The package contains a number of workflows which can communicate with both the Brocade VTM, and the Brocade Services Director via REST APIs. The workflows support licensing and registration of newly deployed vTMs, and also pushing configuration to the vTMs themselves (either directly or via the Services Director).
To install the vADC package, you will need to start the vRO client application and then switch to the “Administer” or “Design” view.
When in the correct view, navigate to the “Package” tab and click the import button.
Select the “com.brocade.vadc.package” file and click open.

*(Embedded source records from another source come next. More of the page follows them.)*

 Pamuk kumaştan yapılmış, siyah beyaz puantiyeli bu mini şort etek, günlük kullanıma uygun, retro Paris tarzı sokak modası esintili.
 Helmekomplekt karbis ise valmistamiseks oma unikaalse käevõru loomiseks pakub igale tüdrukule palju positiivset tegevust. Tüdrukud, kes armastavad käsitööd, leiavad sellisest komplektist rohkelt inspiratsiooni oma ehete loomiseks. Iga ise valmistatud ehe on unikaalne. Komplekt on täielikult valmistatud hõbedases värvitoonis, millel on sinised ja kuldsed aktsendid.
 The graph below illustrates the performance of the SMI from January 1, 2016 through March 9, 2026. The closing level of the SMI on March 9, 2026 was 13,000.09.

vRO packages are signed by the certificate of the server on which they were created, so it’s likely that you will see a prompt to import/accept the certificate of my lab server “vro.vmware.lan”. Click “import” to continue.
You will then see a list of the workflows which are included in the package. All of the workflows should be selected by default. Once you have confirmed that to be the case, simply click on the “import selected elements” button.

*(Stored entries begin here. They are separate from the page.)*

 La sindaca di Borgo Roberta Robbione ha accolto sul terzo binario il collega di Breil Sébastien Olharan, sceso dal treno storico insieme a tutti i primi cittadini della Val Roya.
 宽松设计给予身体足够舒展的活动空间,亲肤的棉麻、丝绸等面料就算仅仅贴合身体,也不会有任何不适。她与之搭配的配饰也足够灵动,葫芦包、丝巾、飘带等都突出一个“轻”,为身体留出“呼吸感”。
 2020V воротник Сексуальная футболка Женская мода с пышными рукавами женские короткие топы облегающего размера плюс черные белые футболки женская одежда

When the import completes, you should have com.brocade.vadc listed in you packages list. Navigate to the “Design” view, and you should now see a “Brocade.vADC” folder in the workflows listing.
If you are using Brocade Services Director to license your vTMs, then the first thing you will want to do is register the Services Director REST API end-point. If however you don’t use Services Director, then you will want to start registering vTM REST end-points directly.
The next steps are slightly different in each scenario:
Execute the “vRO: Register Services Director” workflow first. Then run the “vRO: Register vTM via Services Director” for each of your licensed vTMs. The vTM must be known to Services Director before you attempt to register it with vRO.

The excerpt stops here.